Oxygen concentration reduction. Three facilities operated certain
production processes under inert atmospheres: two facilities used argon,
and the other used nitrogen. These processes were all equipped with
oxygen monitoring devices to ensure that oxidant concentrations remained
at safe levels. Original design specifications were not available at
these facilities, so site reviewers commented primarily on their
potential compliance with specifications in NFPA 69. While process
engineers generally knew the oxygen concentration that would trigger
process shutdown and other measures, they had less awareness for how
that oxygen concentration was derived. Additionally, site visitors had
some concerns about the reliability of sampling and monitoring
instrumentation used to measure oxygen concentrations—a critical
component of this engineering control. One facility commented on
technical difficulties associated with installing continuous oxygen
monitors in unit operations that were not stationary, such as rotating
blenders. 

Foreign material separation devices. Only two of the facilities used
equipment (e.g., scalping screens, magnetic separators) to remove
metallic scrap in process locations where tramp metal can introduce
serious spark-producing hazards, such as upstream of milling operations.
Use of these devices was observed only in food manufacturing facilities
and was motivated largely by product safety concerns, rather than out of
concern regarding combustible dust hazards. 

Monitoring and alarms for abnormal conditions. Facilities employed
various monitoring systems to detect abnormal operating conditions. Some
of these systems monitored parameters for production quality control
purposes, while others were implemented specifically to detect
potentially hazardous situations associated with combustible dusts.
Examples of monitoring systems observed included temperature sensors in
dryers and dust collectors, oxygen analyzers in processes required to
operate under inert atmospheres, and low-level water sensors in wet dust
collectors. Very few instances were observed where facilities operated
monitoring devices (e.g., flame sensors, spark/ember detection systems)
that might detect the presence of a fire that outlet temperature
monitoring equipment might otherwise fail to detect. 

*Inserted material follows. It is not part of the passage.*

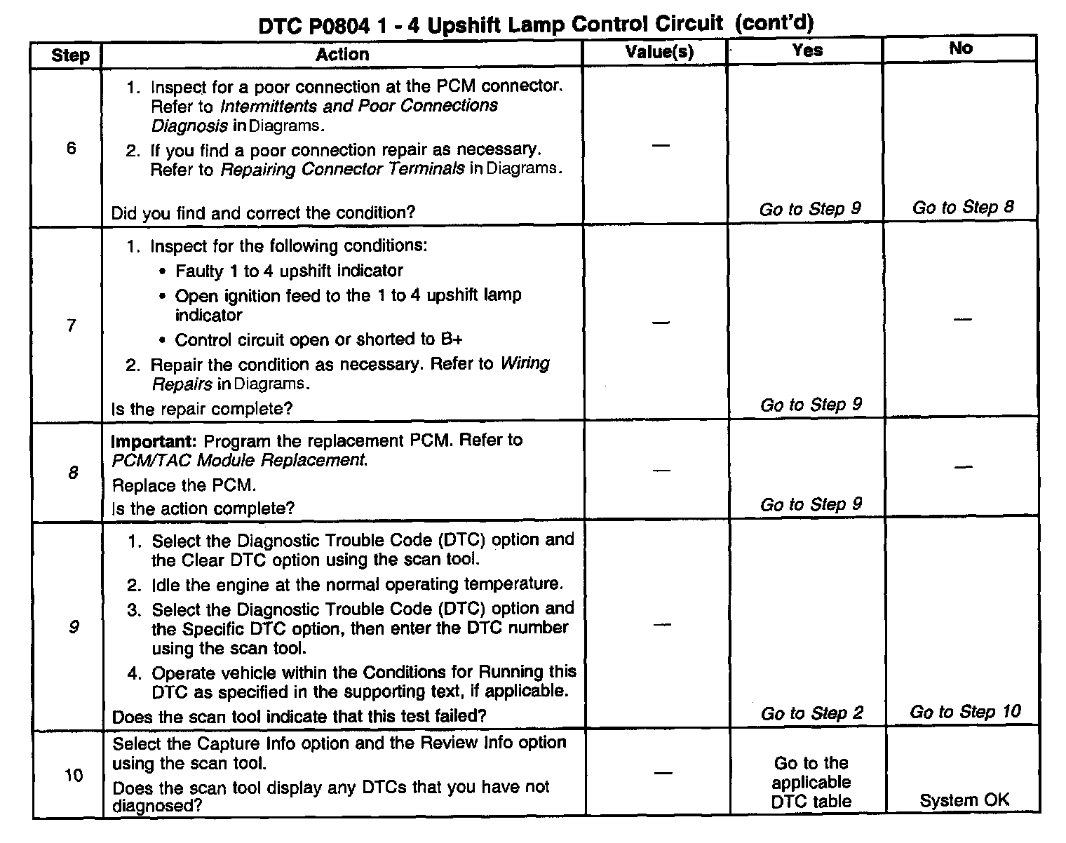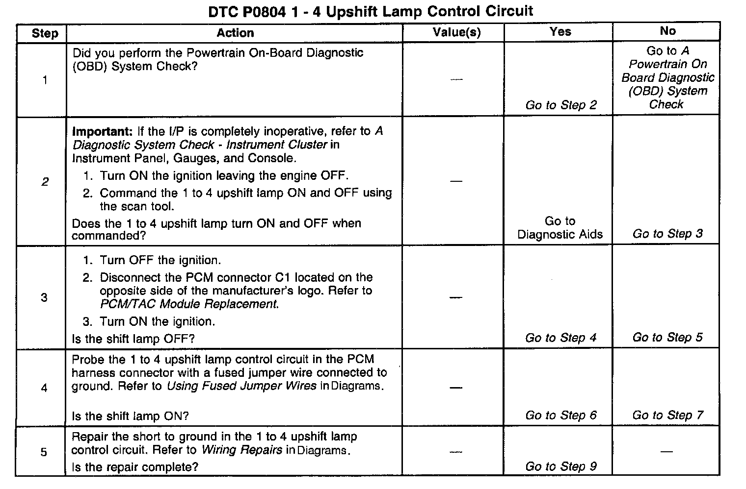 An ignition voltage is supplied directly to the 1-4 Upshift Lamp. The PCM controls the lamp by grounding the control circuit via an internal switch called a driver. The driver supplies the ground for the component being controlled. Each driver has a fault line which the PCM monitors. When the PCM commands a component ON, the voltage of the control circuit should be low, near 0 volts. When the PCM commands the control circuit to a component OFF, the voltage potential of the circuit should be high, near battery voltage. If the fault detection circuit senses a voltage other than what is expected, the fault line status changes causing the DTC to set.

Automatic interlocks, shutoffs, or overflow systems. Many examples of
automatic interlocks and shutoffs were observed at the six facilities.
At one facility, for instance, metal cutting operations could not be
operated unless the water reservoir in the wet dust collectors was at a
certain level. Processes operating under inert atmospheres could not be
started until measured oxygen concentrations were safely below the
limiting oxygen concentration (LOC) for a specified time frame. In
addition, site visitors also noted several instances where the absence
of interlocks was problematic. At one facility, for example, multiple
dust-generating operations vented to a single wet dust collector.
Operators had to visually verify that the proper ductwork connections
were in place and then confirm that the wet dust collector was ready for
operation (e.g., sufficient water reservoir). In cases like these,
engineering controls (interlocks) would help guarantee that dust
collectors were functioning properly before dust-generating operations
could be initiated. 

Manual emergency controls. Several facilities had manual emergency
controls that, when activated by employees, would trigger various
instantaneous actions. Examples included employee-activated steam
suppression in dryers, argon quenches in metal milling and grinding
operations, and fuel cut-offs for gas-fired dryers and roasters.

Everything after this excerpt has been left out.